▶ **WHAT TO WORK ON**:
Please reproduce the lines of the records below from the one holding "- Het bedje" through the one holding "Bring the outdoors", inclusive, skipping all pictures.

▶ **EXERCISE DATA**:
■ ■ ■ ■ ■
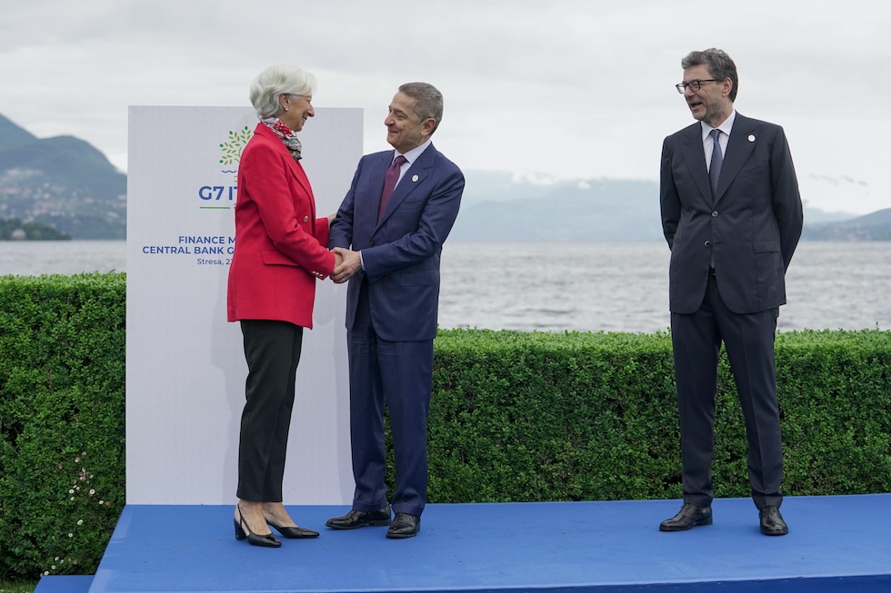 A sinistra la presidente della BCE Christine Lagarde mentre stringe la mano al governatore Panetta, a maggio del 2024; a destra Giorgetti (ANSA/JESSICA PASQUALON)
■ ■ ■ ■ ■
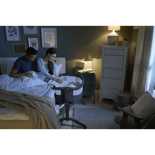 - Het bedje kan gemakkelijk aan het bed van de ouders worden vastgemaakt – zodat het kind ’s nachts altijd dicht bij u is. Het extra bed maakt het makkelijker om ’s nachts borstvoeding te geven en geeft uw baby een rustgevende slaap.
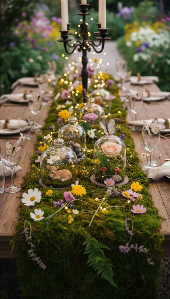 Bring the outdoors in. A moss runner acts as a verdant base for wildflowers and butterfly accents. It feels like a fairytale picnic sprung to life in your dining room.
■ ■ ■ ■ ■
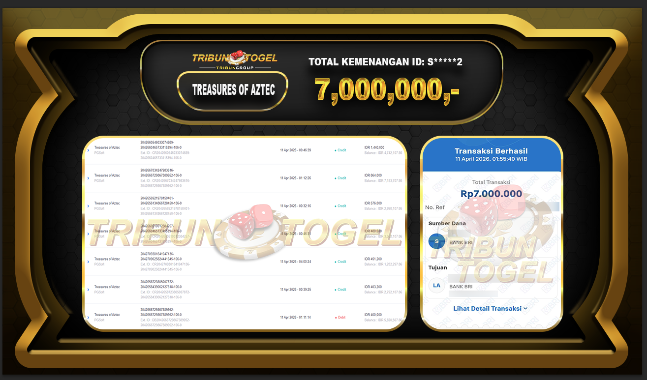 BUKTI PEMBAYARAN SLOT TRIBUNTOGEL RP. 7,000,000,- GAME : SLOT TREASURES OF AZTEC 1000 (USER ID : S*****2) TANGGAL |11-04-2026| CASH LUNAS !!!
■ ■ ■ ■ ■
▶ **ANSWER**:
 - Het bedje kan gemakkelijk aan het bed van de ouders worden vastgemaakt – zodat het kind ’s nachts altijd dicht bij u is. Het extra bed maakt het makkelijker om ’s nachts borstvoeding te geven en geeft uw baby een rustgevende slaap.
 Bring the outdoors in. A moss runner acts as a verdant base for wildflowers and butterfly accents. It feels like a fairytale picnic sprung to life in your dining room.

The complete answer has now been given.